ABOUT THIS TASK:
Pictures in the entries below are to be left out; otherwise, reproduce exactly the lines from the first through the line containing "Pie at the Midpoint".

Data records
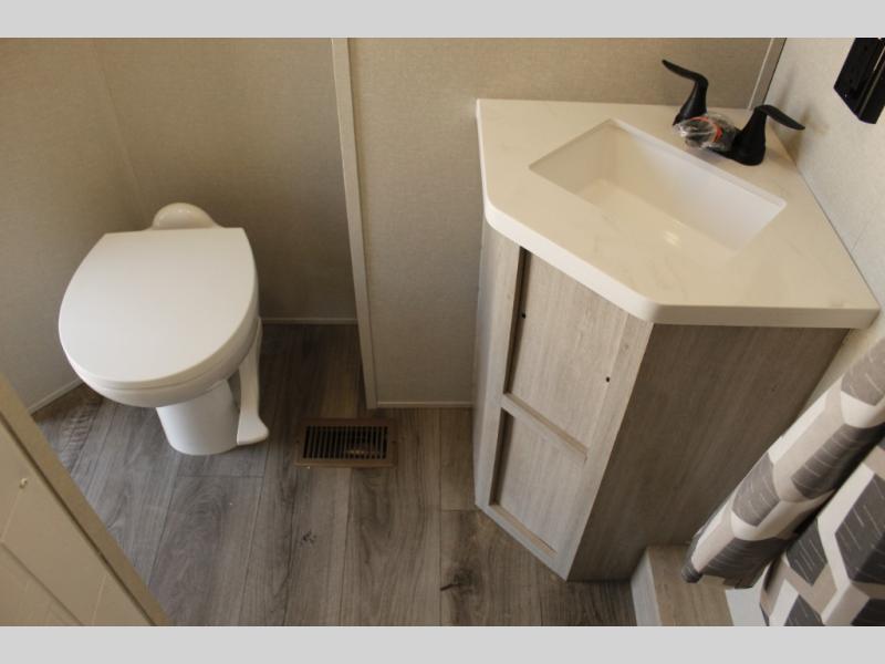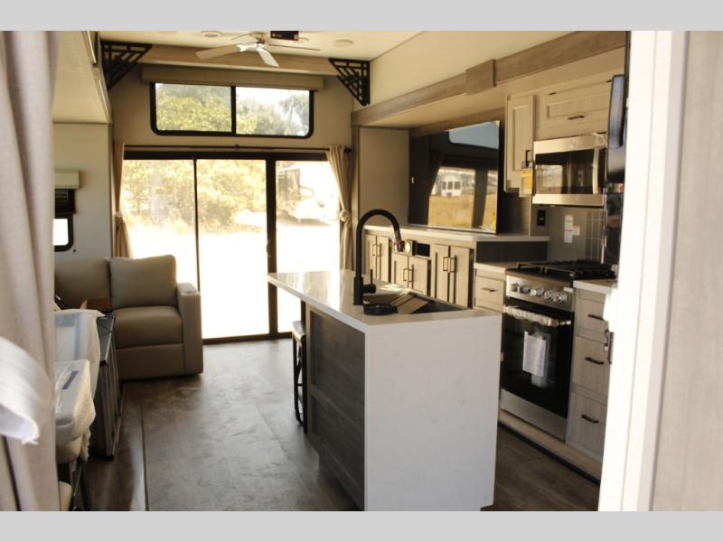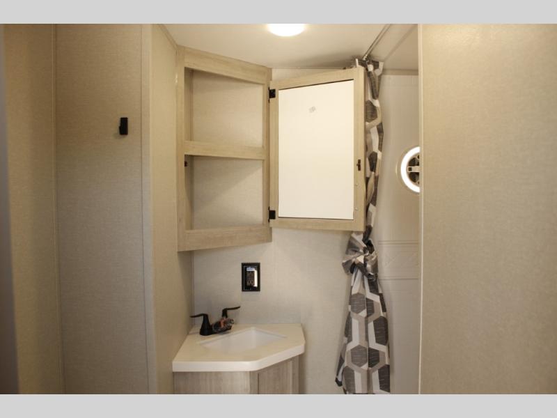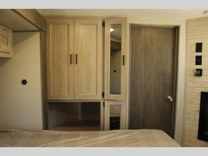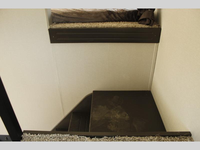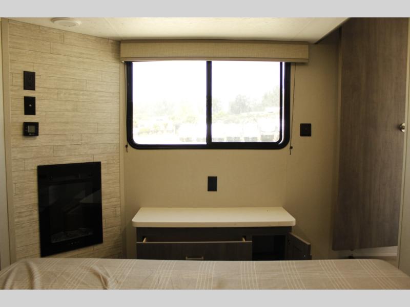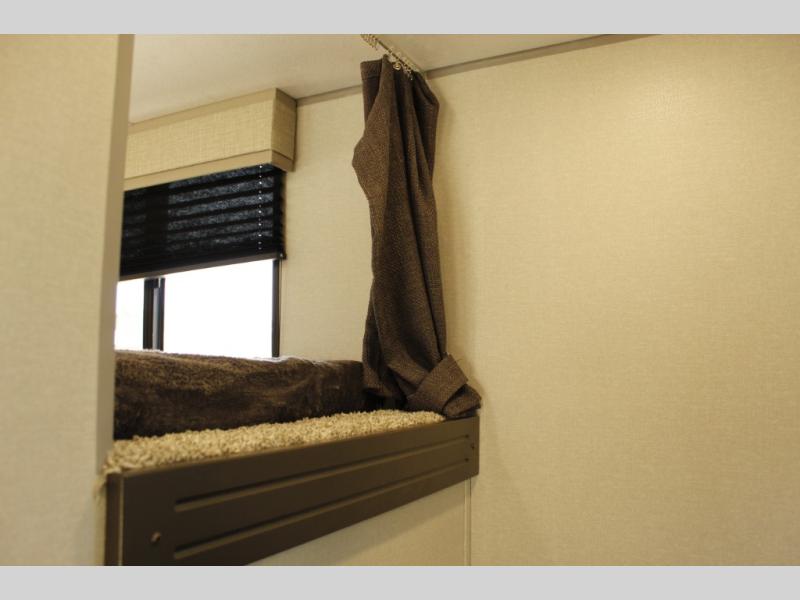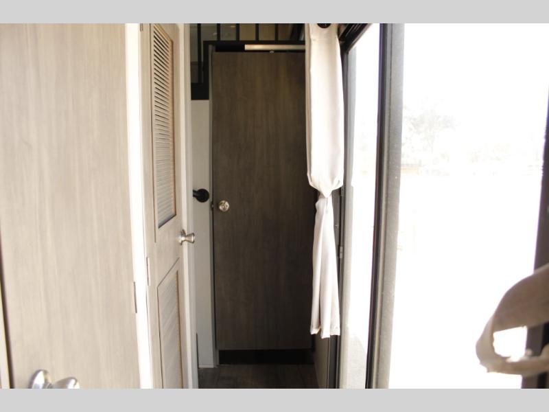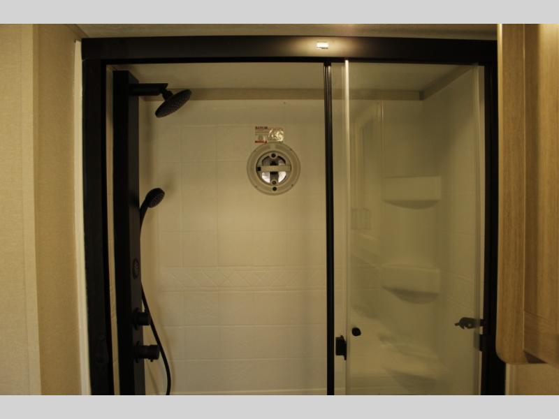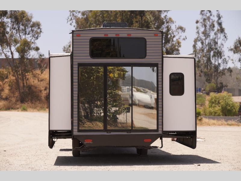 There is much to love about this destination trailer! Starting with the loft that has two queen beds, a wardrobe/storage, and a custom 58" x 71" bed. Downstairs there's a private bedroom with a king bed slide, a fireplace, and its very own private full bathroom complete with a dual sink vanity. The main living area has a huge bi-fold sleeper sectional sofa so you can fit even more guests, or just relax and watch the TV on the power lift in the entertainment center. The kitchen is well-equipped with a residential refrigerator, microwave, and pantry. The centerpiece here is a kitchen island with a deep basin farm-style sink and bar stool seating so your group can gather together and make new memories. The second full bath has a roomy 36" x 30" shower with glass door, and just outside it is the stackable washer and dryer!
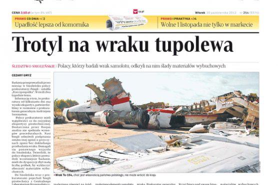 Tylko w części nakładu "Rzeczpospolitej" (Presspublica) został opublikowany materiał Cezarego Gmyza „Trotyl na wraku tupolewa". Redakcja nie zdążyła przygotować tekstu do wydania ogólnokrajowego, które jest wcześniej zsyłane do druku.
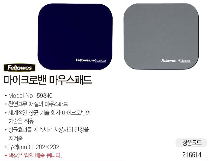 ■품명 및 모델명:마이크로벤 마우스패드(59340/펠로우즈) ■ 제조국또는 원산지:중국 ■법에의한 인증,허가등을 받았음을 확인할수 있는 경우 그에대한 사항:해당없음 ■KCC인증대상 여부:N ■정격전압,소비전력 에너지소비효율등급:N ■수입여부:㈜펠로우즈코리아 ■ 안전인증여부:N
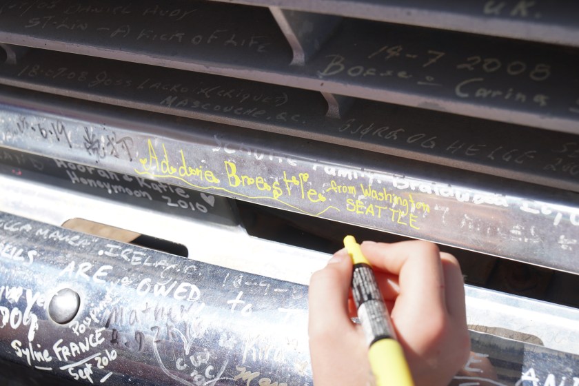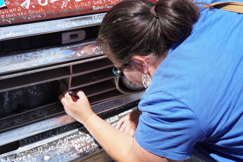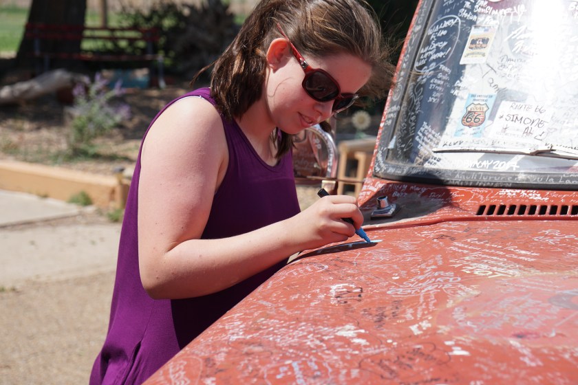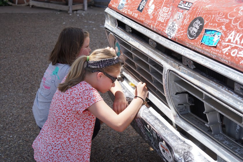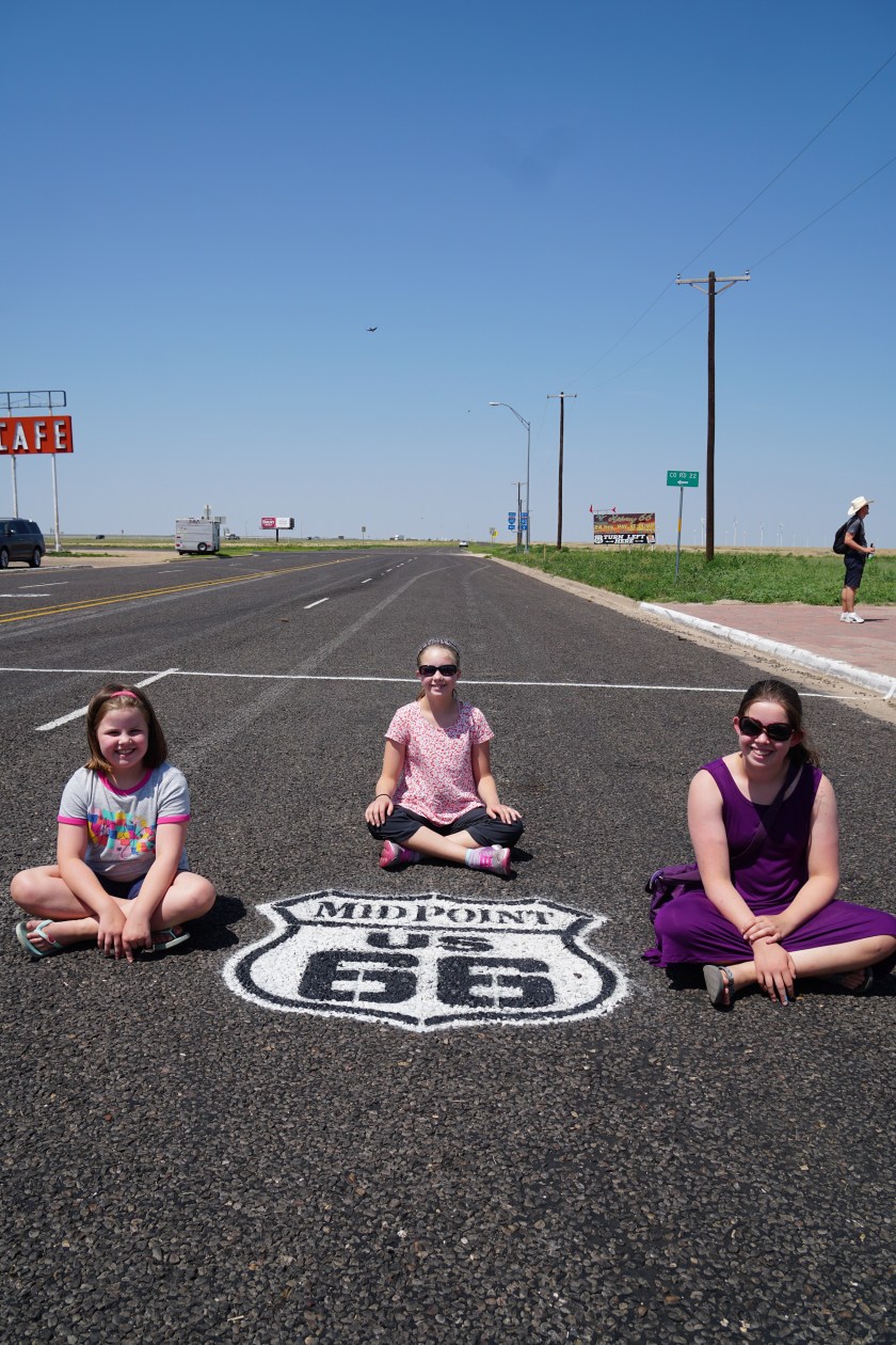 Pie at the Midpoint Cafe. Halfway between Chicago and LA. There was also an old Studebaker truck out front for everyone to sign. The girls got a kick out of digging out our paint pens to sign the truck.
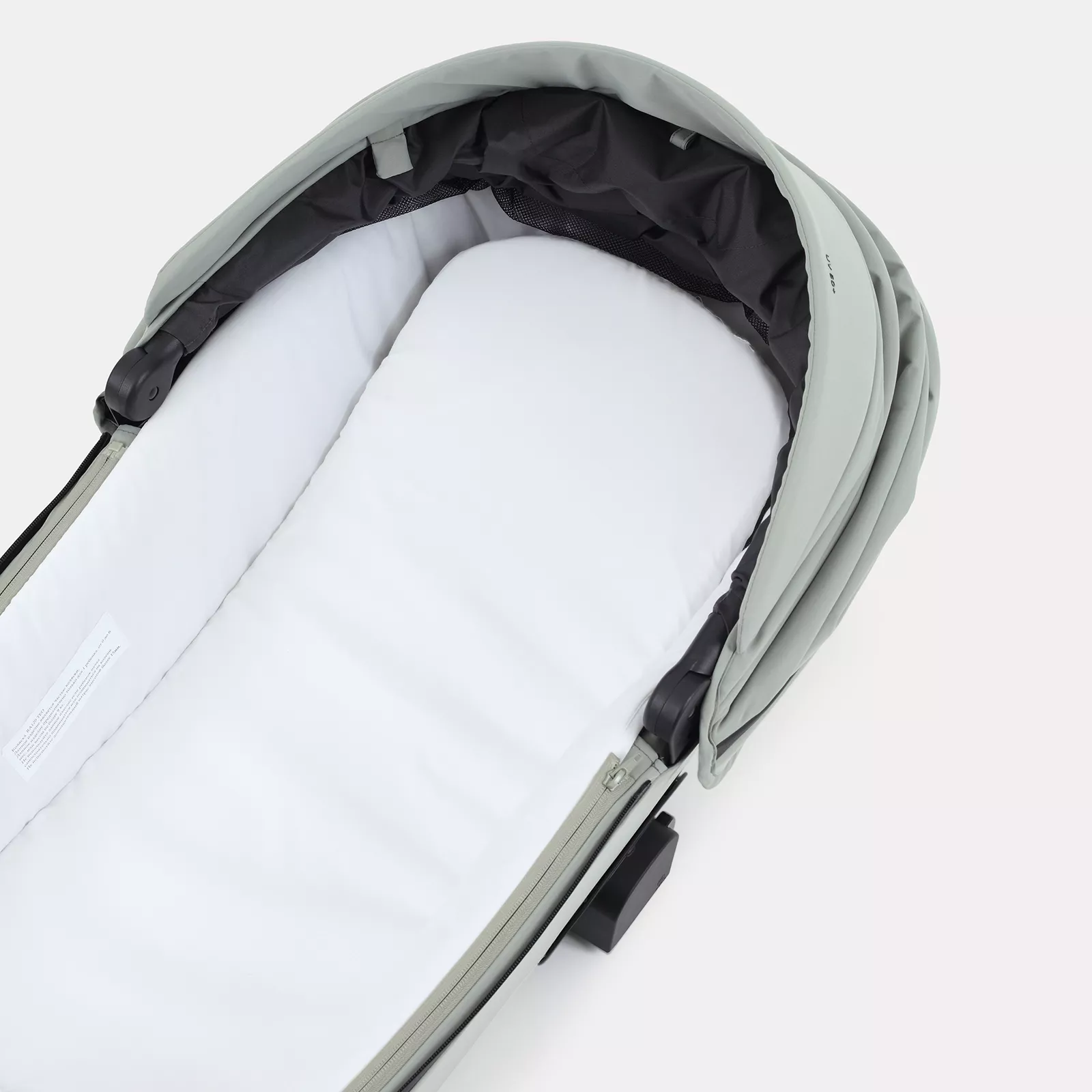 Внутри: хлопковый чехол на молнии, матрас средней жёсткости и поднимающаяся спинка. Тёплая накидка крепится на молнию с двойным ходом — удобно отстёгивать с любой стороны. Отворот с окошком защитит от ветра.
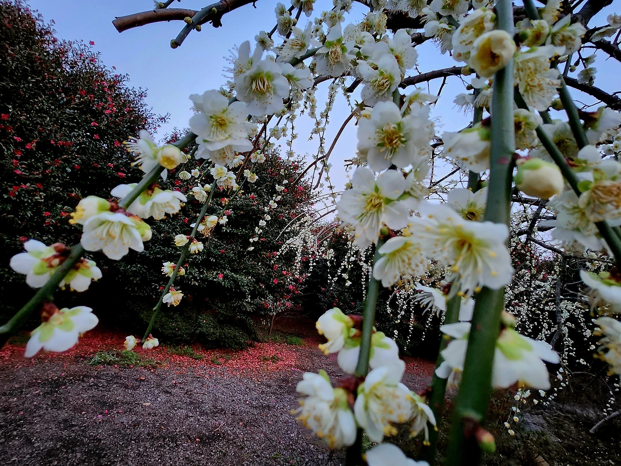 청매와 백매가 새하얗게 피어있었다.
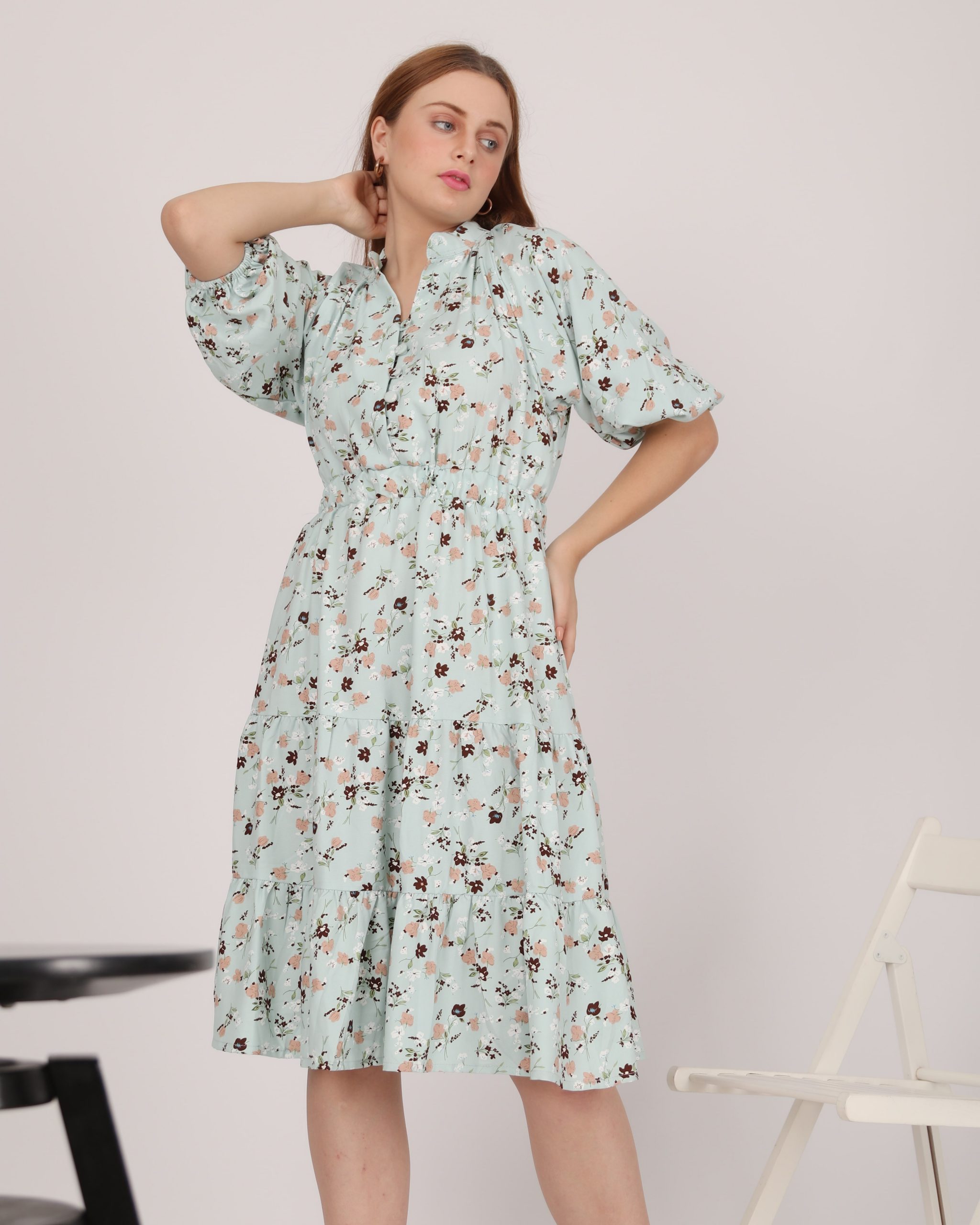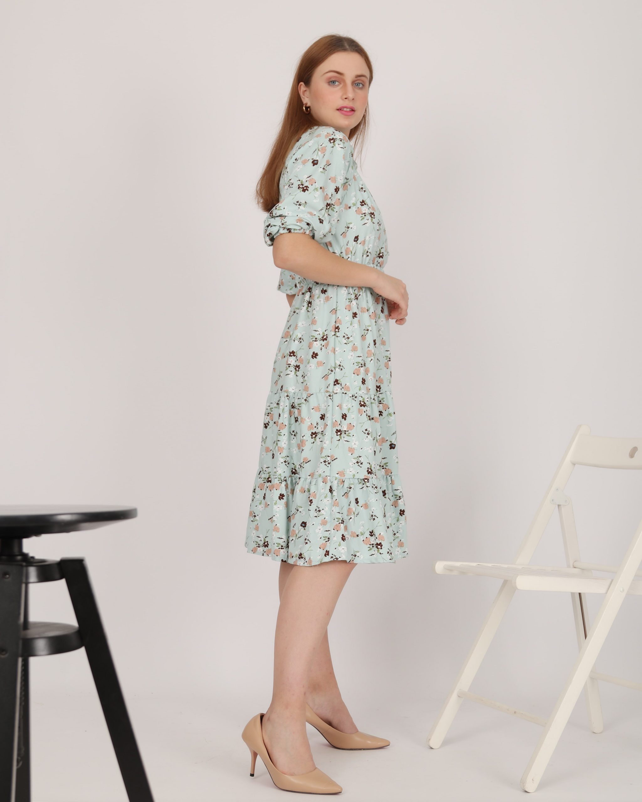 Tiered Midi Dress Wanita Floral Print Wardah Green – 9511052
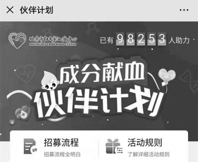 在無償獻(xiàn)血者的招募中,北京市紅十字血液中心也早早引入了“互聯(lián)網(wǎng)+”技術(shù),其中最為亮眼的莫過于首都成分獻(xiàn)血“伙伴計(jì)劃”項(xiàng)目。
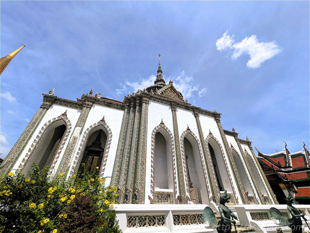 ワット・プラケオは、1782年にラーマ1世がトンブリーからバンコクに遷都すると同時に、王朝の守護寺・護身寺として建設開始。1784年に完成したタイで最も格式の高い王室寺院で、王宮の中に位置しています。
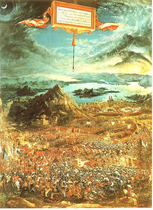 2.[伊索斯戰役]-阿爾特多佛的畫作,士兵像螞蟻,不似古典構圖,是少有的鳥瞰角度,後方有戲劇性處理,左有月,右有日,提昇為宇宙天體大戰,南方烏賽羅也喜歡畫戰役。(好比國畫中常見的天、地、人)
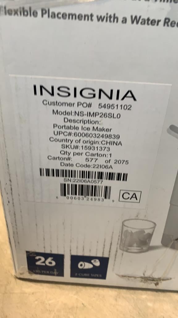 INSIGNIA 26LB PORTABLE ICE MAKER - TESTED WORKING - RETAIL $199
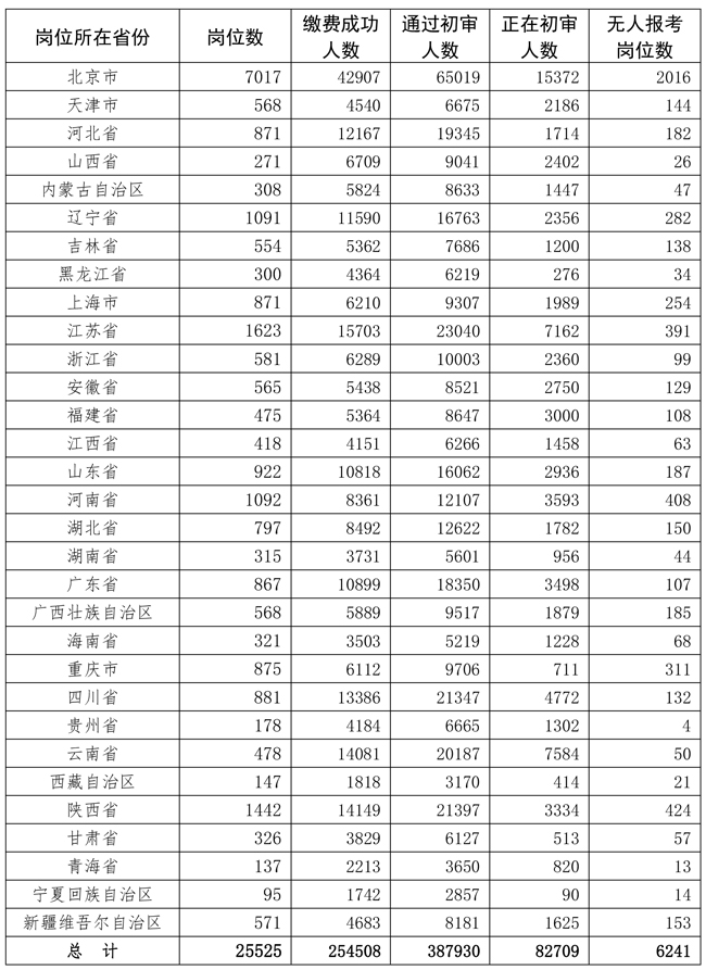 1.截至12月9日18时各省份岗位报考情况统计表
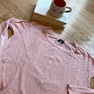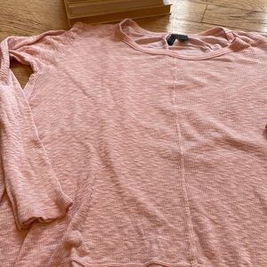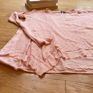 Long-sleeve top has a light sweater-like front with fabric back. Bottom is asymmetrical, has a round neck and is flown. Perfect for jeans or leggings. See photos for measurements. Listing is for top only. Top is in excellent condition, no rips, holes or stains.

YOUR SOLUTION:
 There is much to love about this destination trailer! Starting with the loft that has two queen beds, a wardrobe/storage, and a custom 58" x 71" bed. Downstairs there's a private bedroom with a king bed slide, a fireplace, and its very own private full bathroom complete with a dual sink vanity. The main living area has a huge bi-fold sleeper sectional sofa so you can fit even more guests, or just relax and watch the TV on the power lift in the entertainment center. The kitchen is well-equipped with a residential refrigerator, microwave, and pantry. The centerpiece here is a kitchen island with a deep basin farm-style sink and bar stool seating so your group can gather together and make new memories. The second full bath has a roomy 36" x 30" shower with glass door, and just outside it is the stackable washer and dryer!
 Tylko w części nakładu "Rzeczpospolitej" (Presspublica) został opublikowany materiał Cezarego Gmyza „Trotyl na wraku tupolewa". Redakcja nie zdążyła przygotować tekstu do wydania ogólnokrajowego, które jest wcześniej zsyłane do druku.
 ■품명 및 모델명:마이크로벤 마우스패드(59340/펠로우즈) ■ 제조국또는 원산지:중국 ■법에의한 인증,허가등을 받았음을 확인할수 있는 경우 그에대한 사항:해당없음 ■KCC인증대상 여부:N ■정격전압,소비전력 에너지소비효율등급:N ■수입여부:㈜펠로우즈코리아 ■ 안전인증여부:N
 Pie at the Midpoint Cafe. Halfway between Chicago and LA. There was also an old Studebaker truck out front for everyone to sign. The girls got a kick out of digging out our paint pens to sign the truck.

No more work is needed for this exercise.